Carey rancher John Peavey said the decision is unnecessary. Curtailing wells 60 miles from Hagerman will take thousands of years to have an effect, he said.

"We’re threatened," he said. "I think something is going to happen. It’s unthinkable to dry up 3 or 4 million acres of farm land for two or three hatcheries." Peavey and his wife, Diane, have a winter ranch in Kimama near Burley. The ranch could be affected by the water decision, Peavey said.

However, it is unclear how many wells will be affected. Lynn Tominaga, director of the Idaho Ground Water Appropriators, said an estimated 111,000 irrigated acres could be affected if the wells are shut off.

According to IDWR spokesman Dick Larson, a minimum of 25 dairies, 15 municipalities, "quite a few ranches," potato producers, golf courses, a monastery and several churches will be affected by the department’s decision.

"There’s a wide variety," he said. "Everybody falls under the net of that priority date."

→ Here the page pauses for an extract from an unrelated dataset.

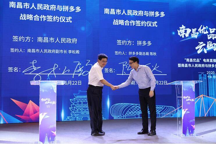 6月22日,南昌市人民政府与新电商平台拼多多签订战略框架协议,共同启动“南昌优品”电商直播消费节、“南昌优品馆”线上大型展销专场等系列活动。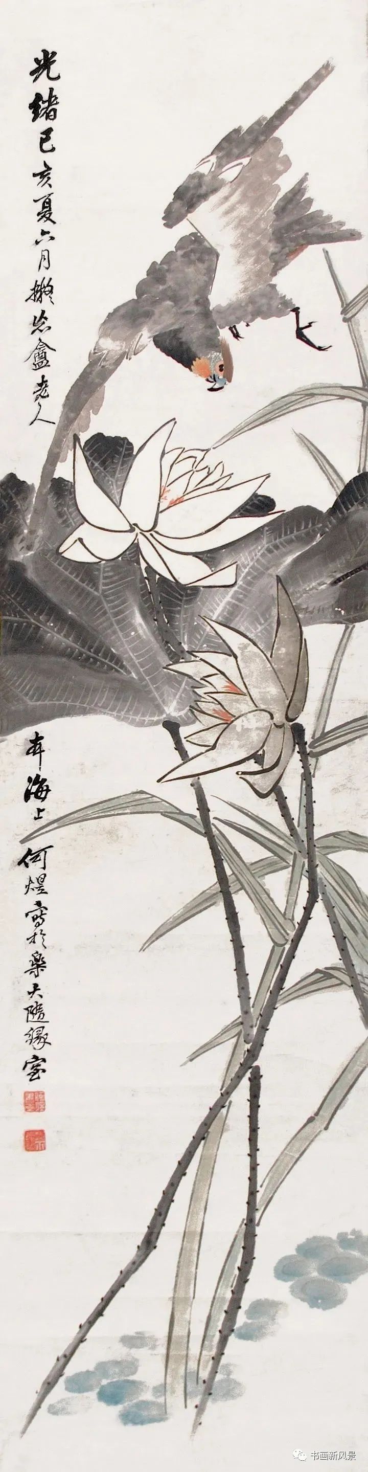 何煜(1852-1928),近现代海上画派著名画家。擅画没骨花鸟、草虫。其作品以精妙绝伦的笔墨、清润典雅的设色、热烈生动的意境,一度名噪上海,并成为近现代海上画坛的重要代表人物。

To avoid curtailment, North Snake and Magic Valley groundwater districts must devise a plan that would boost flows to a Hagerman fish hatchery. The plan must be approved by April 1 and must provide Rangen Inc., the Hagerman fish hatchery, with 16,000 acre feet of replacement water that meets fish production water quality standards, or 53,000 acre feet of surface irrigation water for aquifer recharge.

If the April 1 deadline is not met, groundwater will be curtailed until a replacement water plan is approved.

Dreher determined that Rangen's affected water right was short by 16,000 acre feet in 2003.

If districts cannot provide the replacement water through conservation, shutting down the wells would result in an increase of 53,000 acre feet of water recharge in the Hagerman Valley area.

"Trying to come up with that amount of water in a short amount of time is going to be a hardship," Tominaga said, adding that groundwater users are continuing negotiations with Hagerman Valley spring users to avoid well curtailment.

A number of factors have been blamed for the spring shortages, including changes from flood to sprinkler irrigation, development of wells and drought. The only certainties are that the Snake River Plain Aquifer has been significantly altered, and the department’s decision follows four years of drought.

Central Idaho’s lost rivers—the Big Lost, Little Lost, Birch Creek and Camas Creek—as well as the upper Snake River and Henry’s Fork River are some of the aquifer’s significant charging points. The lost rivers only flow into the sink in the Arco Desert, between Howe and Mud Lake, on very wet years. Also, the Snake River is strapped with dams that have changed the way it exchanges water with the aquifer.

At the same time, irrigation canals ferry water to the desert farmlands, where some unused water seeps into the aquifer. Additionally, irrigation and municipal wells are tapping the aquifer.

Peavey said IDWR is looking too far away from the problem to attempt solving it. He said buying water from farms and dairies on the plain near Hagerman could have favorable results.

"That would have a very immediate and very dramatic effect on the stream flows at Hagerman," he said.

The Snake River Plain Aquifer is one of the largest aquifers on earth and extends for 12,000 square miles beneath the Snake River Plain. It is fed primarily on its northern and eastern peripheries, from the mountains of Central Idaho and the eastern edge of the Yellowstone Plateau. The Snake River flows along the southern margin of the plain, fed by tributaries flowing out of the mountains on the south and east sides of the plain.

The aquifer primarily discharges in two locations: Near American Falls Reservoir the aquifer empties through springs at about 2,600 cubic feet per second, and near Hagerman at about 5,200 cubic feet per second.